= Dufferin—Peel—Wellington—Grey (provincial electoral district) =

Former provincial electoral district in Ontario, Canada

Dufferin—Peel—Wellington—Grey is a former provincial electoral district in southwestern Ontario, Canada, that elected one Member of the Legislative Assembly of Ontario. It was created in 1999 from Wellington, Grey and Dufferin—Peel. It was abolished in 2007 into Dufferin—Caledon, Bruce—Grey—Owen Sound, Perth—Wellington and Wellington—Halton Hills ridings.

The riding included all of Dufferin County plus the municipalities of Caledon, Erin, West Luther Township, Arthur, Southgate and Mount Forest.

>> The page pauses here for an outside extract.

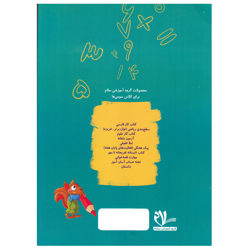 کتاب کار ریاضی سوم سید جواد تزرقی و طاهره آزمون دبستان اثر فرشته ستایش انتشارات گروه آموزشی سلام حاوی نرم افزار جادویی QR، تالیف توسط مدرسین کتاب های جدیدالتالیف، همگام با آخرین تغییرات کتب درسی، درسنامه، نکات کلیدی و توضیحات جامع درس به درس، آزمون های جامع و ارزشیابی های نیمسال اول و دوم تحصیلی، سوالات طبقه بندی شده و متنوع (تشریحی،تستی و....)سوالات با ضریب دشواری بالا (سوالات ستاره دار)، نمونه سوالات امتحانی و آزمون های ورودی مدارس خاص میباشد.

The provincial riding of Dufferin—Peel—Wellington—Grey was created when the Harris government passed a bill reducing the number of ridings electing Members of Provincial Parliament (MPPs) in the Legislative Assembly so that they were the same as the number of federal Members of Parliament from Ontario.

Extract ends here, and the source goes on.